__Supplied records__:
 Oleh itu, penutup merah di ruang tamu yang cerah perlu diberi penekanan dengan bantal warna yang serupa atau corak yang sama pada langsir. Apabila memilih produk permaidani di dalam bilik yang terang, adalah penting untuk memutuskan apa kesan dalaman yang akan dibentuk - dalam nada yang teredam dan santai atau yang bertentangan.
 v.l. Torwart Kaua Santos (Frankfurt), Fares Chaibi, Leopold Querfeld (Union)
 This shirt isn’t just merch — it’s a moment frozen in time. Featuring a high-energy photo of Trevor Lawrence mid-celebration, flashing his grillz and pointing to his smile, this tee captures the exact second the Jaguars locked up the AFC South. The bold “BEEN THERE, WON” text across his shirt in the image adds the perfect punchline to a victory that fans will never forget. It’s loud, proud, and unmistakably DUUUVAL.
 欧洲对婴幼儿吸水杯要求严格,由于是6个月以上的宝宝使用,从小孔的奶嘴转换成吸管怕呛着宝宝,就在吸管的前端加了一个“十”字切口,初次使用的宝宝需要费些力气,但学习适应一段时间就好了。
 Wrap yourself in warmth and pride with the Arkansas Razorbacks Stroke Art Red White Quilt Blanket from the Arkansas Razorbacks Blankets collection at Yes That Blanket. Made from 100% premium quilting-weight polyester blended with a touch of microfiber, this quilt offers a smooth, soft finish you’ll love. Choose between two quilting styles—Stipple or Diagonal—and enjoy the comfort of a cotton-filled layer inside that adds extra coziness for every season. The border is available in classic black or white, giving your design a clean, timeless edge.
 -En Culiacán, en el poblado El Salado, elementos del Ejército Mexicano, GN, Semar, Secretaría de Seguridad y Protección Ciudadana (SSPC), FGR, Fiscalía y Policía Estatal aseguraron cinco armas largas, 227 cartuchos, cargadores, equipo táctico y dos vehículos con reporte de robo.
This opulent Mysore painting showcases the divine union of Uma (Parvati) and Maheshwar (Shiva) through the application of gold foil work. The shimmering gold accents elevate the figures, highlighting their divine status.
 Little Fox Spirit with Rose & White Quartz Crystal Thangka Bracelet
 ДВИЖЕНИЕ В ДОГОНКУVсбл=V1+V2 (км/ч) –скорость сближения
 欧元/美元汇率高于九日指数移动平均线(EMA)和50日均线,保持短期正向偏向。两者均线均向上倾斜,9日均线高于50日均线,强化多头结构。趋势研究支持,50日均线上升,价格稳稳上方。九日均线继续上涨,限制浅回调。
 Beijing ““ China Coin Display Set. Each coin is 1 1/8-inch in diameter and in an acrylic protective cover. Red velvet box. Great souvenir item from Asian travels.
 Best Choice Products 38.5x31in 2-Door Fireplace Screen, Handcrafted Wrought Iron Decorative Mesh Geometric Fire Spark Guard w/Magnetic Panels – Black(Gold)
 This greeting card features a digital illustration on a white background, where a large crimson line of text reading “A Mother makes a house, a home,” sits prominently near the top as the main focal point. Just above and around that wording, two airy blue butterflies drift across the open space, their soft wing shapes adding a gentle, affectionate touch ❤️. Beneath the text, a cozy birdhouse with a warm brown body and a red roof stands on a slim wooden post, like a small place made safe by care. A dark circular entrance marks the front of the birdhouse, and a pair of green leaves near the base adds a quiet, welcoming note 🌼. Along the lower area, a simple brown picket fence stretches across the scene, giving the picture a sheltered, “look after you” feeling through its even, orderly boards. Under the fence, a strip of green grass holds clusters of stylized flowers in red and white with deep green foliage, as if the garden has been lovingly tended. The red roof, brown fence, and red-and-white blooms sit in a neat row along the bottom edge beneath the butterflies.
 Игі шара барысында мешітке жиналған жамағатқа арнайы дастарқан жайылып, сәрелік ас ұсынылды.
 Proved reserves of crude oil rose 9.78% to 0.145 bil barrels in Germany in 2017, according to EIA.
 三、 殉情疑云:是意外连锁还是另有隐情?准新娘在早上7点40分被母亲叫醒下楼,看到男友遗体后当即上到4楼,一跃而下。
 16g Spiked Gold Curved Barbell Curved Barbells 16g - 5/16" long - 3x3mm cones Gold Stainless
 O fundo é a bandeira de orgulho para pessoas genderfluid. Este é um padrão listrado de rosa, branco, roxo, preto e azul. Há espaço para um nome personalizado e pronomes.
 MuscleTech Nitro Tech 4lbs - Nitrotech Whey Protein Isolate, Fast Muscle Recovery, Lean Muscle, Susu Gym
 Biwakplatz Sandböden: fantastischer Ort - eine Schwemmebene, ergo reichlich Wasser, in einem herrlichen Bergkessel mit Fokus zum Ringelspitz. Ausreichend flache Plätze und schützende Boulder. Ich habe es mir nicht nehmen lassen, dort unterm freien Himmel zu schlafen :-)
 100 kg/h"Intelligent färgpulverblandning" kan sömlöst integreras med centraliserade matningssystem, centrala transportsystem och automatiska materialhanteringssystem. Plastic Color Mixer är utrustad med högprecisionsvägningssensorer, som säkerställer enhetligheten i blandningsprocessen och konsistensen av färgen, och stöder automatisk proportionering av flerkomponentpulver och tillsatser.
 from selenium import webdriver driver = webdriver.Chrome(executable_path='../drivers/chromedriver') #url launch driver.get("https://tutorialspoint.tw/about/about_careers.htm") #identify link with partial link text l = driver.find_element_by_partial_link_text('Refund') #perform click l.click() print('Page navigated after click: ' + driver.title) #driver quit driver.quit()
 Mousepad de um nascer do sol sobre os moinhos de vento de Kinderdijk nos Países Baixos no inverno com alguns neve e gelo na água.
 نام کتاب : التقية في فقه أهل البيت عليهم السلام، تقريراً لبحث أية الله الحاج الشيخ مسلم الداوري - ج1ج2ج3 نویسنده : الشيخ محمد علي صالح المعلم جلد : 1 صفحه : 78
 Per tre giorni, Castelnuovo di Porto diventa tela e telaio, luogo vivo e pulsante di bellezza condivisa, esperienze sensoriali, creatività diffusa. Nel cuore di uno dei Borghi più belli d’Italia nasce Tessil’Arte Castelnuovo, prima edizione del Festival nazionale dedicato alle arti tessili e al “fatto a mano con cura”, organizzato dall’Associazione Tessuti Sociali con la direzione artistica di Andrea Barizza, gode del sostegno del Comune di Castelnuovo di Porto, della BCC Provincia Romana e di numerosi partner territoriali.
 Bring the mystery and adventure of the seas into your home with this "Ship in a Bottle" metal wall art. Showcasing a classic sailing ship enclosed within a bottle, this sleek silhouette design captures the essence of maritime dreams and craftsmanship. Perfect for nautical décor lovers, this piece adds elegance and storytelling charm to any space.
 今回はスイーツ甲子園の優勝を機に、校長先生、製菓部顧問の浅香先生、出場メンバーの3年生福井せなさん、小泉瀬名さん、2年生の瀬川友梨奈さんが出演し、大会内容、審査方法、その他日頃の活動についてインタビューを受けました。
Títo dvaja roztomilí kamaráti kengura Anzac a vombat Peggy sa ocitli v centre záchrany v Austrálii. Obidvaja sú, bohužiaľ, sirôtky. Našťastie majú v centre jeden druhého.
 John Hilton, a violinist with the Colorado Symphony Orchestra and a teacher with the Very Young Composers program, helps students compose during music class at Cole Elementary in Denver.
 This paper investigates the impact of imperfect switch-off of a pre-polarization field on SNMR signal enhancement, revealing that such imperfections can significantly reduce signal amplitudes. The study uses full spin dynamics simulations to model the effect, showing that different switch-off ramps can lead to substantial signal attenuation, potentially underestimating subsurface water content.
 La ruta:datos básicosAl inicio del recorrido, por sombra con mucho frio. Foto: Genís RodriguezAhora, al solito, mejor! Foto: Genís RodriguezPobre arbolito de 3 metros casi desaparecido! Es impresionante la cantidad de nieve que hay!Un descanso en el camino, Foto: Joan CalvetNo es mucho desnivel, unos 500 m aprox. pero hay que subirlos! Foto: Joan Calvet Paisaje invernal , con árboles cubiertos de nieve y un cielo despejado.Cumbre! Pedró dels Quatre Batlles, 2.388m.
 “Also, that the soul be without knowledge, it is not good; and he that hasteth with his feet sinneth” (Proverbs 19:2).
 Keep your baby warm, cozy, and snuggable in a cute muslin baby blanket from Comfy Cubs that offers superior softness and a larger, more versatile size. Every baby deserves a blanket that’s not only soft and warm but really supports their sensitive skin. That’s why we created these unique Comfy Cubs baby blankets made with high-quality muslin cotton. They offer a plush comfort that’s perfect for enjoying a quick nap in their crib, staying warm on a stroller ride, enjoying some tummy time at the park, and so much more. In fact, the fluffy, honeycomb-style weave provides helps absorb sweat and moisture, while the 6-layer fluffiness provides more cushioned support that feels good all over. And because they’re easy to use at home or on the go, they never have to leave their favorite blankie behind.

__Instructions for the task__: Everything from the first line of the records above through the line containing "Little Fox Spirit" should be restated word for word; leave out all other lines.

__Task result__:
 Oleh itu, penutup merah di ruang tamu yang cerah perlu diberi penekanan dengan bantal warna yang serupa atau corak yang sama pada langsir. Apabila memilih produk permaidani di dalam bilik yang terang, adalah penting untuk memutuskan apa kesan dalaman yang akan dibentuk - dalam nada yang teredam dan santai atau yang bertentangan.
 v.l. Torwart Kaua Santos (Frankfurt), Fares Chaibi, Leopold Querfeld (Union)
 This shirt isn’t just merch — it’s a moment frozen in time. Featuring a high-energy photo of Trevor Lawrence mid-celebration, flashing his grillz and pointing to his smile, this tee captures the exact second the Jaguars locked up the AFC South. The bold “BEEN THERE, WON” text across his shirt in the image adds the perfect punchline to a victory that fans will never forget. It’s loud, proud, and unmistakably DUUUVAL.
 欧洲对婴幼儿吸水杯要求严格,由于是6个月以上的宝宝使用,从小孔的奶嘴转换成吸管怕呛着宝宝,就在吸管的前端加了一个“十”字切口,初次使用的宝宝需要费些力气,但学习适应一段时间就好了。
 Wrap yourself in warmth and pride with the Arkansas Razorbacks Stroke Art Red White Quilt Blanket from the Arkansas Razorbacks Blankets collection at Yes That Blanket. Made from 100% premium quilting-weight polyester blended with a touch of microfiber, this quilt offers a smooth, soft finish you’ll love. Choose between two quilting styles—Stipple or Diagonal—and enjoy the comfort of a cotton-filled layer inside that adds extra coziness for every season. The border is available in classic black or white, giving your design a clean, timeless edge.
 -En Culiacán, en el poblado El Salado, elementos del Ejército Mexicano, GN, Semar, Secretaría de Seguridad y Protección Ciudadana (SSPC), FGR, Fiscalía y Policía Estatal aseguraron cinco armas largas, 227 cartuchos, cargadores, equipo táctico y dos vehículos con reporte de robo.
This opulent Mysore painting showcases the divine union of Uma (Parvati) and Maheshwar (Shiva) through the application of gold foil work. The shimmering gold accents elevate the figures, highlighting their divine status.
 Little Fox Spirit with Rose & White Quartz Crystal Thangka Bracelet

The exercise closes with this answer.